CPT 87901 HIV‑1 Genotype Reimbursement & Policy

CPT code 87901 represents a laboratory technical service that performs HIV‑1 genotypic analysis of the reverse transcriptase and protease regions from patient serum. This molecular diagnostic identifies resistance‑associated mutations that guide antiretroviral therapy selection and monitoring. As HIV treatment increasingly relies on precision genotyping to optimize outcomes and avoid drug resistance, accurate billing and coverage for this test has national significance for patients, laboratories, and payers.

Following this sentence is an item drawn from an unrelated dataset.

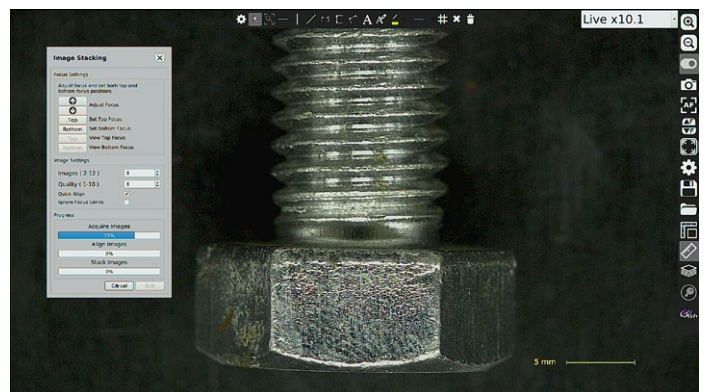
Stacking to create images of complex parts.

Key payers covered in this analysis include Aetna, Blue Cross Blue Shield, Cigna Health, UnitedHealthcare, and Medicare. The publication outlines how insurers commonly handle coverage and reimbursement for specialty molecular tests, though specific policy language and payment rates vary by contract and plan.

Readers will find a concise overview of the clinical context for HIV‑1 genotyping, common billing and coding considerations linked to the technical laboratory service, and benchmarks and policy themes relevant to payers and providers. The report summarizes payer coverage patterns, typical sites of service, and operational considerations for laboratories submitting claims for CPT code 87901. Data not available in the input is noted where applicable.

Billing Code Overview

CPT code 87901 describes a laboratory technical service that analyzes a patient specimen, typically serum, to determine the viral genotype of HIV‑1 by assessing the reverse transcriptase and protease regions. This test identifies mutations in the virus that affect antiretroviral drug susceptibility and informs clinical management of HIV infection.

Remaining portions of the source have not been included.